Computers do a lot of things. But the Internet specifically is the aspect of the computer that revolutionized the world.
Either fire or the wheel. Not sure which I would place higher. But both really are the two greatest inventions/discoveries. Without either you basically don't have future discoveries or inventions.
Didn't see it in the thread, but aqueduct are pretty fire. They allowed empires to grow large and far away from a source of drinking water. Also improved sanitation allowing people to live longer and healthier.
I would argue fire. Its arguably the gate technology and higher brain power.
Anesthetics. Yeah, vaccines are cool, but given the choice of a world without vaccines and a world without anesthetic I'm ditching vaccines every time.
It's hard to choose, but I would say the Haber-Bosch process for ammonia production. It's a miracle of chemistry that almost single-handedly vaporized the population doomers. As much as half of the nitrogen in your body comes from Haber-process-derived synthetic fertilizer!
The bicycle.
Hear me out:
Before the invention of the bicycle, the vast majority of the population had no means of personal transport other than their feet, and anything further away than the nearest market might as well have been in China, cause neither a farmer nor a worker with a family can just take more than a day off.
This meant that almost no one ever travelled further than 30km from their home.
With the bicycle, the world that most of humanity got to experience became 20x bigger.
People met other people further away, experienced new ideas, could travel outside of the immediate influence of their landlord or master, could marry someone who isn't a cousin...
No other invention ever before opened up the world of the average person quite like this one.
The bicycle created demand to build a dense network of smooth roads even in the countryside, brought workers to factories, and gave women more freedom. It was one of the main factors that pushed the industrial revolution.
Gotta be vaccines for me.
Photography! I'm not even into it, but when I look at an old picture it always amazes me we're able to freeze moments in time.
Printing Press
Soap
I have a list of things that transcend invention and are actually some of humans greatest achievements:
- The bicycle
- The piano
- The internet
- Saturn V
Language. The ability to communicate advanced concepts is what has enabled us invent/discover a lot of things, including the computer.

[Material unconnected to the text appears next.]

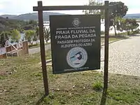 Sign next to the Azibo Reservoir beach.

At first I thought you were talking about dating lmao
Hmm I definitely agree that computers, and especially smartphones, are pretty damn amazing inventions.
But I agree with another poster when it comes to the greatest invention. When we invented the printing press, it allowed our species to develop much quicker because we were able to share information/education much better.
Not the just important invention, but definitely the best invention: plumbing.
Y'all try going a week without running water and wiping with leaves or newspaper and you'll quickly see that while other things are definitely important, plumbing is the best to have
I don't know if this counts, but I'd say the Enlightenment. It was a discovery in that we discovered a new way to interpret the world.
I think there is kind of a glass ceiling when you talk about fire, plumbing, electricity and so on. Each one was a necessary stepping stone to get us where we are, but without any one of them, we wouldn't be here.
The Enlightenment gave us a brand new sense of autonomy as a species, which in turn has given us a greater amount of control over "Destiny."
Cordage/string. Way more useful than fire and arguably predates it.